# Figure fittings and side inlets



## enjoytab (Feb 21, 2016)

Hi, my question is related to dwv fitting usage. I was going through my cast iron fitting book today and realized I've never really understood what the "figure" fittings are. So for example, what's the difference between a Figure 5 and a double combo? Another one that confused me was the Figure 1, it's basically a double tapped san tee, but the sweep is closer to that of a double combo while still keeping the vent above the inlet of the arm of the fitting, the way a san tee does. So is that the point, they are just double fixture fittings that give better sweep than san tees but don't violate the code the way a vertical combo does?

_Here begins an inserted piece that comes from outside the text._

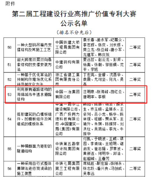 近日,在中國施工企業(yè)管理協(xié)會舉辦的第二屆工程建設(shè)行業(yè)高推廣價值專利大賽上,中國一冶城建公司推薦的《利用原有道路結(jié)構(gòu)的海綿城市半透水道路結(jié)構(gòu)》專利技術(shù)榮獲二等獎。

I'm also confused by side inlet fittings. In general I've never used a side inlet fitting and have to admit I don't really understand what they're for. None of the side inlets seem to have any sweep to them, so I don't know where you use them other than venting. So for example, I like using low heels for my toilets, but can't really understand where you would ever use a 3" 1/4 bend with a 2" side inlet, unless it were on a vent stack. My pvc fitting catalog has a lot of side inlet fittings as well.

Does anyone have any experience using these exotic fittings?

Some examples:

https://m.ferguson.com/product/-2-i...e=&network=g&gclid=CJ_Fm_WXiMsCFQ4zaQodPTQNhw

http://www.nibco.com/Fittings/Plast...9-90-Elbow-with-Side-Inlet-H-x-H-x-H-PVC-DWV/

http://www.amazon.com/Spears-Pipe-Fitting-Sanitary-Inlet/dp/B00ALMQS0I

Thanks.


----------



## ShtRnsdownhill (Jan 13, 2016)

The first pic of the cast fitting eliminates using a y and 45 s for drain, the middle pvc fitting is against code by me, and the last one you turn up so the 3 inch on the bull would goto the toilet and the side outlets to tub, shower or sink the top is vent and bottom to waste..they are handy for bathroom groups if the stack can go straight down, saves alot of fittings and looks cleaner in the rough in..


----------



## The Dane (Feb 19, 2015)

I'm not sure if this is an odd copper fitting or normal reducing tee for copper but I think it looks funny because the 1 1/4" is up so high on the fitting and not centered like a normal tee. Yes I have a little bit of copper DWV in my house and so far is the only place I have seen it.


----------



## bct p&h (Jan 19, 2013)

The Dane said:


> I'm not sure if this is an odd copper fitting or normal reducing tee for copper but I think it looks funny because the 1 1/4" is up so high on the fitting and not centered like a normal tee. Yes I have a little bit of copper DWV in my house and so far is the only place I have seen it.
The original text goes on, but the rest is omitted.